Iii. Python Implementation of pooing
Some of my thoughts on code writing are as follows. The core is to split a complicated problem into a problem that can be directly implemented using code:
1) The input matrix can be mxn or mxnxp. If you directly consider these two forms of code, you cannot start with it (there are a lot of situations to consider, and multi-dimensional matrices are easy to confuse myself ). Careful analysis shows that if I implement the pooling of the mxn matrix, the mxnxp matrix can be easily implemented using the mxn matrix.
2) For mxn matrix input, it is possible that the orange box in Figure 1 cannot exactly overwrite the input matrix. Therefore, we need to expand the input matrix. Expansion is also very simple.

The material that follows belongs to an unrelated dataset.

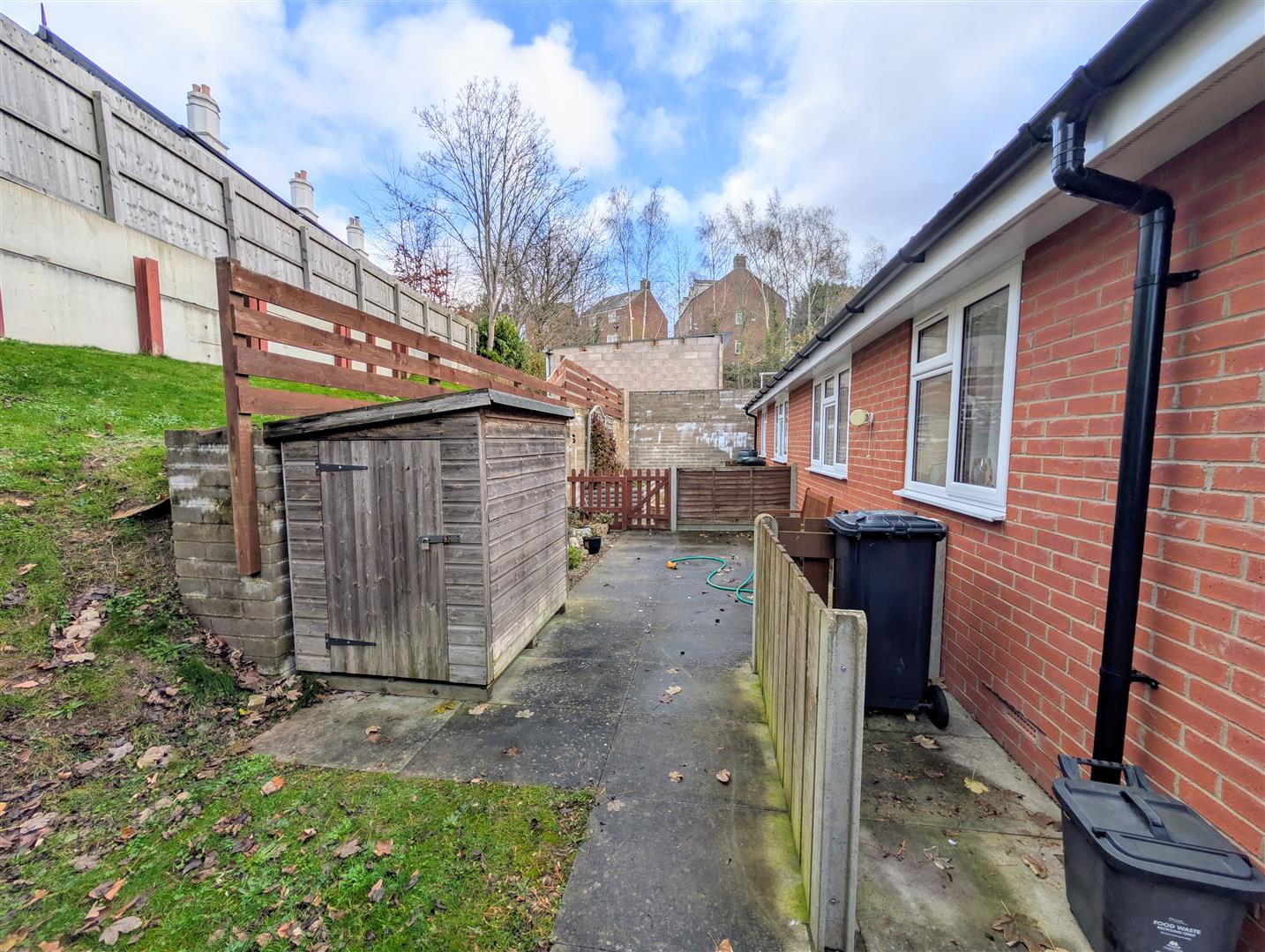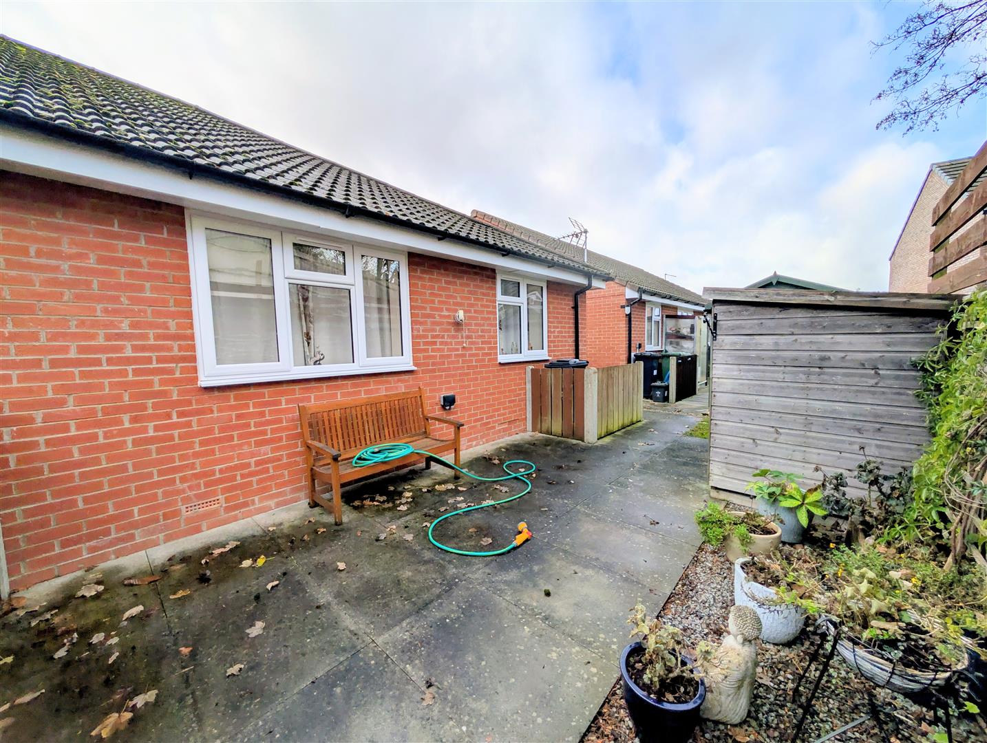 Outside - The property benefits from a communal parking area to the front, leading to a lawned section and small patio adjoining the conservatory, with a pathway running along the side of the bungalow to the rear garden which includes a patio seating area, outside tap, wooden garden shed and bin store; the garden is mostly enclosed, with the potential to fully secure the remaining boundary with a simple fence addition if desired.
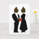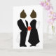 Kattpar i aftonklänning. Den galanta hankatten erbjuder sin dam en vacker röd ros. Det perfekta kortet för kattälskare som gifter sig eller firar en årsdag.

As long as the poolSize corresponding to the last poolStride can overwrite the input matrix, others can certainly overwrite the input matrix.
3) Finally, the for loop performs similar operations.
def pooling(inputMap,poolSize=3,poolStride=2,mode='max'): """INPUTS: inputMap - input array of the pooling layer poolSize - X-size(equivalent to Y-size) of receptive field poolStride - the stride size between successive pooling squares OUTPUTS: outputMap - output array of the pooling layer Padding mode - 'edge' """ # inputMap sizes in_row,in_col = np.shape(inputMap) # outputMap sizes out_row,out_col = int(np.floor(in_row/poolStride)),int(np.floor(in_col/poolStride)) row_remainder,col_remainder = np.mod(in_row,poolStride),np.mod(in_col,poolStride) if row_remainder != 0: out_row +=1 if col_remainder != 0: out_col +=1 outputMap = np.zeros((out_row,out_col)) # padding temp_map = np.lib.pad(inputMap, ((0,poolSize-row_remainder),(0,poolSize-col_remainder)), 'edge') # max pooling for r_idx in range(0,out_row): for c_idx in range(0,out_col): startX = c_idx * poolStride startY = r_idx * poolStride poolField = temp_map[startY:startY + poolSize, startX:startX + poolSize] poolOut = np.max(poolField) outputMap[r_idx,c_idx] = poolOut # retrun outputMap return outputMap
# Test an instance
Test = np. array ([[1, 2, 3, 4], [5, 6, 7, 8], [9, 10, 11, 12])
Test_result = pooling (test, 2, 2, 'max ')
Print (test_result)
Test results:
Summary: first understand the input, output, and functions of a technology, then look for similar examples in life, and finally, break down the technology into achievable steps.